What is a Content Delivery Network or CDN?

Imagine you're building the next big video streaming service - something like YouTube or Netflix. You've got all these amazing videos that people want to watch, and you're storing them safely in a cloud storage service like Amazon S3. Sounds great so far, right?

But here's where things get tricky. Let's say you have a user in India who wants to watch their favorite cat video. If your video is stored in a data center in the US, that video has to travel halfway across the world before it reaches their screen.

When videos have to travel such long distances, a few annoying things might happen. First, there's the waiting. You click play, and the video takes forever to start.
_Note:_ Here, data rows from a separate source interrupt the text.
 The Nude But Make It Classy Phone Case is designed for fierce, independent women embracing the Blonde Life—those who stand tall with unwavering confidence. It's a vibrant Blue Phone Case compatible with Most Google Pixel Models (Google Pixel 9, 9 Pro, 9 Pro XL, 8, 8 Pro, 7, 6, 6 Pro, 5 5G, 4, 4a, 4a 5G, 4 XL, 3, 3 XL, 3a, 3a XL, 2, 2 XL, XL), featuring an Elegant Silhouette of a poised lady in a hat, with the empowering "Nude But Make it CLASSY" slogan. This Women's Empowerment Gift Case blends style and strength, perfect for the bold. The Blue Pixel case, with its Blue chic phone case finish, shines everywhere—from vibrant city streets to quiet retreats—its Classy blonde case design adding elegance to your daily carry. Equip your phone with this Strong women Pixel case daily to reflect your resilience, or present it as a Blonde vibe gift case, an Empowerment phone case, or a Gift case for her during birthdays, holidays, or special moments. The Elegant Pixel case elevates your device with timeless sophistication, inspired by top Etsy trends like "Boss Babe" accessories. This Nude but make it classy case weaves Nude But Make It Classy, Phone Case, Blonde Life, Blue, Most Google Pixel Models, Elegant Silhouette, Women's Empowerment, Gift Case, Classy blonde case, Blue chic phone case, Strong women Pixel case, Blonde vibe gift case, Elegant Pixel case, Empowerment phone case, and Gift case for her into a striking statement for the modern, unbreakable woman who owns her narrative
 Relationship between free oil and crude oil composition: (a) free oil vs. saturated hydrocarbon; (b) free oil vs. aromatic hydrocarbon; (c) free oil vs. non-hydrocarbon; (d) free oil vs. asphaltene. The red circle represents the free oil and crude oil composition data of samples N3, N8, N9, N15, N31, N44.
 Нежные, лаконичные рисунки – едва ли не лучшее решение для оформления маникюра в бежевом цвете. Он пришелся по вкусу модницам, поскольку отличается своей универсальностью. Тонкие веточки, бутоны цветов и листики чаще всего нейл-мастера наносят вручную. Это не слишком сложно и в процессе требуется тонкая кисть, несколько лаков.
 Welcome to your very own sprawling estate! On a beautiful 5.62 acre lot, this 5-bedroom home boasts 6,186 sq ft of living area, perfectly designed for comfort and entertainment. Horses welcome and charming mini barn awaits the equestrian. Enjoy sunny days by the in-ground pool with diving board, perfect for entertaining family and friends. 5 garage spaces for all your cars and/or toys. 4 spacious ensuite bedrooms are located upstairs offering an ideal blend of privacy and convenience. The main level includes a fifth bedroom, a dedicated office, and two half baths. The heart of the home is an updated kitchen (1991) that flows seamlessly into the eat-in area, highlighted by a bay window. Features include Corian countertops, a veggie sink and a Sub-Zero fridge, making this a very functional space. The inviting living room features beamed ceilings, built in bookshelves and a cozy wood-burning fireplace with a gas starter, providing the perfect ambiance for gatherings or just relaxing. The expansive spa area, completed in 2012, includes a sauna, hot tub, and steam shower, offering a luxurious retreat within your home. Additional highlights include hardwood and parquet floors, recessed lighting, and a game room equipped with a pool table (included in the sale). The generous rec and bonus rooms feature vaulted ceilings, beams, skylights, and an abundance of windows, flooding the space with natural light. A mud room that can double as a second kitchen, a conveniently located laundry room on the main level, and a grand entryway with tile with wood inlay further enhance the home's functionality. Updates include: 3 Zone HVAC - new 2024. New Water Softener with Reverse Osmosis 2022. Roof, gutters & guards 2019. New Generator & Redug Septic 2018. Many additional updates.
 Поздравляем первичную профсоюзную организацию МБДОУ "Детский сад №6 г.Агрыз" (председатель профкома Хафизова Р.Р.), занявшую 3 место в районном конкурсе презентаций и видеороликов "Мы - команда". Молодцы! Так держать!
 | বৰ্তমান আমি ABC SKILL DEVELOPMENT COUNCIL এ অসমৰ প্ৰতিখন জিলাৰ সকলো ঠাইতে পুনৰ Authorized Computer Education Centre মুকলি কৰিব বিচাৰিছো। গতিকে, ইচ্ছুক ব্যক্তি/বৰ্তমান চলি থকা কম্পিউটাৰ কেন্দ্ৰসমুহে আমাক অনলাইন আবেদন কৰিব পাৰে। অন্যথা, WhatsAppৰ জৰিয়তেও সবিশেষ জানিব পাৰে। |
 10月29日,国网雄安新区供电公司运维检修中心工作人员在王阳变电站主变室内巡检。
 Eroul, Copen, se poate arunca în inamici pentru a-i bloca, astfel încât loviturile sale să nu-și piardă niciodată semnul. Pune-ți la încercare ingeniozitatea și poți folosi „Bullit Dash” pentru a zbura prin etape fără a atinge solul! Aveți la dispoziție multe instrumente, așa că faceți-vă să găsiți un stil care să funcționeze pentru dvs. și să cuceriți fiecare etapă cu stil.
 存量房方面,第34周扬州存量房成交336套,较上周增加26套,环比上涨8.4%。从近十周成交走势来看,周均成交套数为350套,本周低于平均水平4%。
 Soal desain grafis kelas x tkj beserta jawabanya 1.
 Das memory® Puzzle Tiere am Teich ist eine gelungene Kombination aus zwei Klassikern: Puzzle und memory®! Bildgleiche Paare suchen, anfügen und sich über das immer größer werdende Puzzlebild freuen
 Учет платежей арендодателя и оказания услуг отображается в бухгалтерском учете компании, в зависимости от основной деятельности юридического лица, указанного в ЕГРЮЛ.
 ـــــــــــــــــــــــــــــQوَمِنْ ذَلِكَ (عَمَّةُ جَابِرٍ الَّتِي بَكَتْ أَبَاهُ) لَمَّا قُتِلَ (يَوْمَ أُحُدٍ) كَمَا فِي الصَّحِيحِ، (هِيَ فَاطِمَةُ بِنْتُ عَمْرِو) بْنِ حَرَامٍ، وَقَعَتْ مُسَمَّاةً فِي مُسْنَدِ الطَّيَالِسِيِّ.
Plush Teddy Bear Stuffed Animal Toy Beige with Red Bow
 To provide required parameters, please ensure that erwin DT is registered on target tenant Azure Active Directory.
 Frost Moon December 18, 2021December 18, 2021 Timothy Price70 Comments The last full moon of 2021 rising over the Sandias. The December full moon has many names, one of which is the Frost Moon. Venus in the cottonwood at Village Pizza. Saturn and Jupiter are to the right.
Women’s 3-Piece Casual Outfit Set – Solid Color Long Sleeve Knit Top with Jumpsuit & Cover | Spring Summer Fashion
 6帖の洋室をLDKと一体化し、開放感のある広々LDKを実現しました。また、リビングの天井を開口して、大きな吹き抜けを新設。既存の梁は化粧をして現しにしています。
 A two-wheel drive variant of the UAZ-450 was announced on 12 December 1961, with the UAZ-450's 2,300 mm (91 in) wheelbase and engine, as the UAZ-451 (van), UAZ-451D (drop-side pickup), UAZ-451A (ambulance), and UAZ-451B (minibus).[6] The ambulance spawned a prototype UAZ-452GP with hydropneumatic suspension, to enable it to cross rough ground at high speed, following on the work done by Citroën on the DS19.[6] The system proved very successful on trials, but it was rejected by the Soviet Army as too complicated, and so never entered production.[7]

Then comes the dreaded buffering - you know, that spinning circle that shows up right at the most exciting part of the video? This happens because the video data has to hop through multiple networks and cross oceans before reaching your device.

This is where CDNs (Content Delivery Networks) come to the rescue. Instead of having just one central storage location, CDNs maintain multiple copies of your content in different locations called "edge servers".

Now, when our friend in India wants to watch that cat video, they don't have to reach all the way to the US. Instead, they get the video from a nearby CDN server in Asia, maybe from Singapore or Bangalore.

CDNs don't store every single video at every location - that would be expensive and inefficient. Instead, they learn what content is popular in different regions and store it accordingly. If a particular video becomes viral in India, the CDN automatically ensures that multiple copies are available in servers across India.